“Yaz Tahtaya Bir Daha”

Havza – Samsun

O zamanlar Havza’da, Cumhuriyet meydanının hemen arka sokağına, yeni ve büyük bir sinema yapılmıştı. Bu sinemanın iki ortağı vardı: Kör Kemal ile Deve Nihat.

Dörtyol’un önemli simalarından olan Kemal amca, arkadaşımız İsmail’in babasıydı, gözlük taktığı icin ona “kör” derlerdi. Daha doğrusu Havzalılar “ö” harfini telaffuz etmez “Kör” yerine “kor”derlerdi.

Deve Nihat ise adından da anlaşılacağı üzere, dev gibi uzun boylu ve geniş omuzlu, deve gibi bir adamdı.

Kör Kemal amca, bir gün Dörtyol’da Çerkes Ziya’nın kahvehanesinde film seyrederken, filmde büyük bir hazine bulanları gördüğünde şöyle demişti:
“Vay anasını be! Altunlara bak!”
“Altın’ı ise “altun” diye telaffuz ediyordu.

Dörtyolda o zamanlar en popüler espri bu olmuştu. Herhangi bir durumda insanlar, “Altunlara bak!” diyorlardı.

Havza’da, eskiden sürgün edilmiş gayrı-müslimlerin altınları gitmeden gömdükleri yolunda efsaneler vardı. Hatta bir otelin sahibinin, gayrı- müslimlerin terk ettiği bir evde, duvarı başka bir nedenle kazarken orada birden altın bulduğu ve böylece zengin olduğu söylenirdi. “Kazmayı vurmuş, duvardan altın fışkırmış.’ dive anlatırlardı.

Babaannem her zaman şöyle derdi; “Başkasının yıkılmış evinin üzerine, ev kurulmaz. O mallar yaramaz insana, iyilik getirmez.”
O dönemde bazı kişiler gayrı- müslimlerin geride bıraktıkları ev ve mallara konarak haksız biçimde zengin olmuşlardı. Gizlice kepçelerle çeşitli yerleri kazan, define izi süren kişiler vardı.

***

Okul arkadaşımız İsmail de babası gibi gözlük kullanırdı. Biz ona “Kör Nalet” derdik. (Lanet sözcüğü Havza’da ‘nalet’ şeklinde söylenirdi)

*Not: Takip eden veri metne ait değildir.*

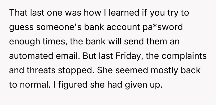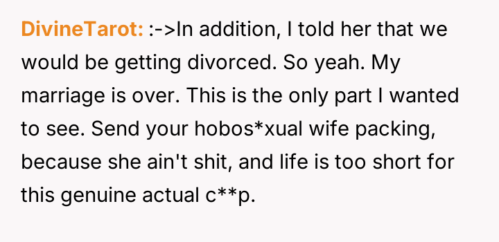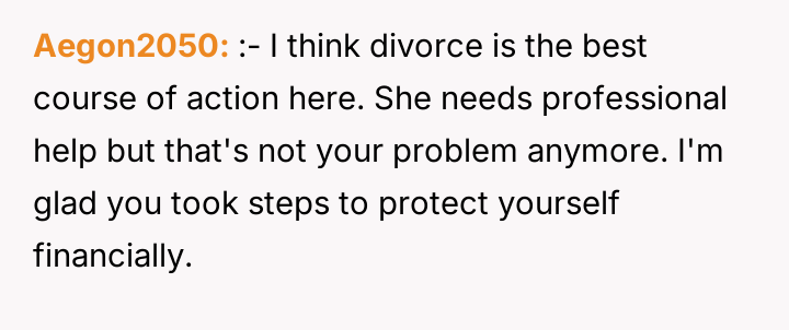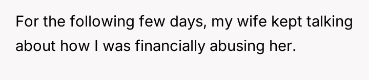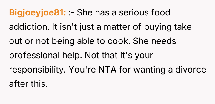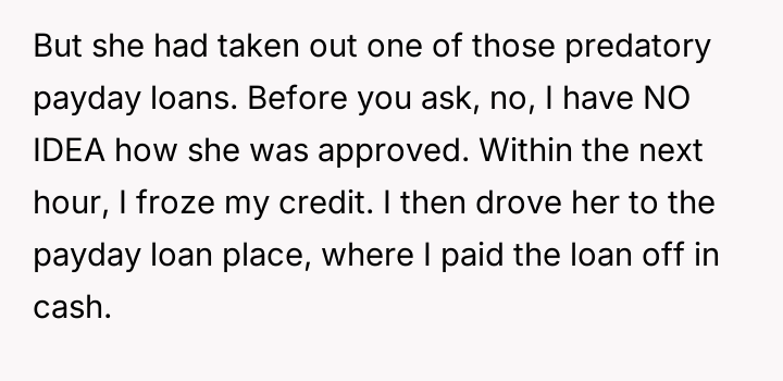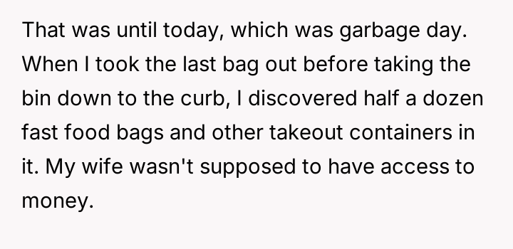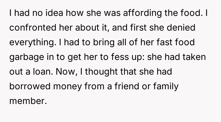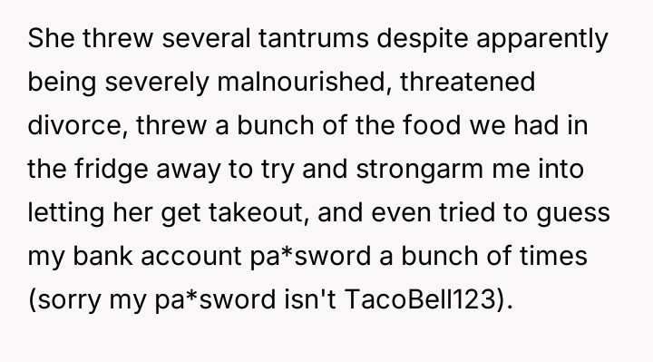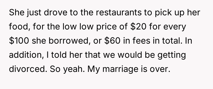 Immediately following this move, the wife reacted with anger, accusing the OP of financial a**se, threatening divorce, and even disposing of existing groceries to force his hand. When the wife unexpectedly stopped ordering takeout, the OP found evidence that she had taken out a high-interest, predatory payday loan to continue purchasing food, leading the OP to freeze his credit, pay off the loan in cash, and announce his intention to divorce.

O sıralar İsmail bizi sürekli sinemaya götürüyor ve kapıda bekleyen adama,

“Arkadaşlarım bedava girecek.” diyordu.

O zamanlar Barış Manço’nun “Sarı Çizmeli Mehmet Ağa” adlı şarkısı yeni çıkmıştı piyasaya. İsmail’in dilinden düşmüyordu bu şarkı, her yerde mırıldanıyordu onu:

“Yaz tahtaya bir daha

Tut defteri kitabı

Sarı Çizmeli Mehmet Ağa

Bir gün öder hesabı”

İsmail, bize yemek ısmarlar ve bazen de okulun önünde duran tatlıcılardan tatlı alırdı. Bizim de cebimizde para olurdu, ama onda her zaman daha çok para vardı; okuldan sonra sinemaya gider ve cebini para ile doldururdu. Asım, İsmail, Nejdet ve ben birlikte takılırdık genelde o zamanlar.

Bazen İsmail, Nejdet’e kızar ve o zamana kadar aldığı tatlıların ve ısmarladığı sinemaların parasını hesaplar, ondan ödemesini isterdi.

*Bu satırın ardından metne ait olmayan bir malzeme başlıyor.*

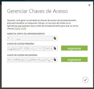 Para acessar as chaves de acesso basta abrir o portal do Windows Azure, acessar a Seção de Armazenamento e clicar em “Gerenciar Chaves de Acesso”. Nesta janela estarão as chaves de acesso primária e secundária.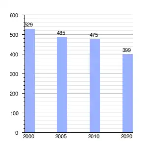 Gráfica de evolución demográfica de Lagunillas entre 2000 y 2020 |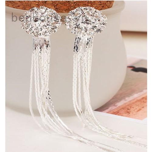 Khuyên tai dáng dài đính đá pha lê tua rua

Asım ise, iyi dövüşürdü. Daha ne olduğunu anlamadan kavgaya girer ve önüne geleni devirirdi, gözüpekti. Bizim grubun da koruyucusuydu.

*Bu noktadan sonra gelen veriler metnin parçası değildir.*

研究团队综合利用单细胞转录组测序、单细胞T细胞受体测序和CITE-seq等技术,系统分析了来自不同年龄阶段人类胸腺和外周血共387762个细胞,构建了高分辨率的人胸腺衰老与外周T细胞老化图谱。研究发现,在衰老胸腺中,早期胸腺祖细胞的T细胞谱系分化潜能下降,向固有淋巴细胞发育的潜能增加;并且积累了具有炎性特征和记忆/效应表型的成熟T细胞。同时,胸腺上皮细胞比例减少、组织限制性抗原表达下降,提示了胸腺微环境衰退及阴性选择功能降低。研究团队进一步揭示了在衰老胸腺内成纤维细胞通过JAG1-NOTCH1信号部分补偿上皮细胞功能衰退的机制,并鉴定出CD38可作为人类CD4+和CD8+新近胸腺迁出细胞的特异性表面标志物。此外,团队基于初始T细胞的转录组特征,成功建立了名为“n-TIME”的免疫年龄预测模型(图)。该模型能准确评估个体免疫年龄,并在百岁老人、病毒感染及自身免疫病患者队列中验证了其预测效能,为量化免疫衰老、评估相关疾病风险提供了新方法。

Sene 1979 idi. Bir gün Lise caddesinden Cumhuriyet meydanına doğru yürürken, İsmail birden karşıdan yürüyen birilerini görerek heyecanla bağırdı:

“Asım işte bu sarı kafalılardı beni dövenler.”

Bunlar Boyalıca tarafında oturan, bizim yaşlarımızda iki ikiz sarı çocuktu. Asım daha biz olayı anlayamadan, çocuklara girişmiş dövüyordu. Daha sonra çocuklar hızla kaçtılar, ne olduğunu bile anlayamadan dayak yemişlerdi. İsmail ise intikamını almış olmanın verdiği rahatlıkla gülüyordu.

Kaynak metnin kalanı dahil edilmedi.